I'm going to preface this with complete apologies to the composer and his enthusiasts. I meant absolutely NO disrespect (in fact, just the opposite) to anyone, especially the composer.

I have listened to a lot of music from Two Steps From Hell, and I just don't hear enough musically interesting things going on. The only phrase I'm coming up with is musical anemia. I guess one could explain it by labelling it minimalist, but in this case I don't really hear that...listen to one of the better Phillip Glass pieces and then listen to anything by Two Steps From Hell.

TSFH sounds Zimmer-influenced (who isn't, but this project in particular), without the extensive musical backround of Zimmer. The TSFH composer could use some counterpoint lessons, plus some extra refreshers in intermediate-to-advanced harmony.
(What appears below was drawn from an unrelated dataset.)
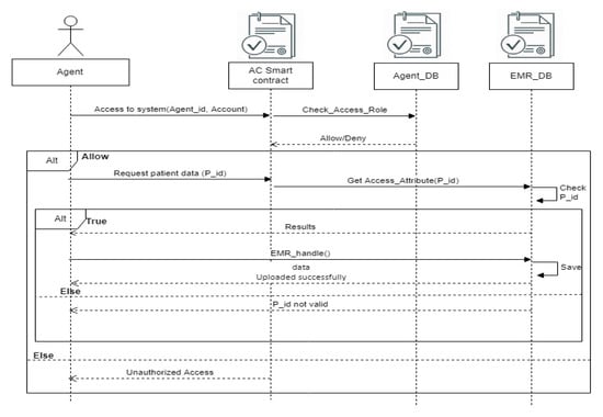 - EMR management: to access and update the patient’s medical data, the healthcare professional agent sends an access request via the smart contract that verifies the identity and rights of the requester and then authorizes them to send a request to the appropriate service.

There are really good things ABOUT the music (at times it can be quite imaginative, and there are instruments the composer knows admirably well). Plus, I think the composer does his own sample libraries, or something to that extent, and that's EXTREMELY interesting to me.

I just don't hear anything that sticks with me, or interests me as far as musical content. I feel bad writing this, but I have to be honest.

I await the hate, and pray it won't be too vehement, given this is such a fine, adult forum as a rule. Please keep in mind my apologetic preface.

*Also know that I most definitely DON'T think I can do any better...far from it.*


----------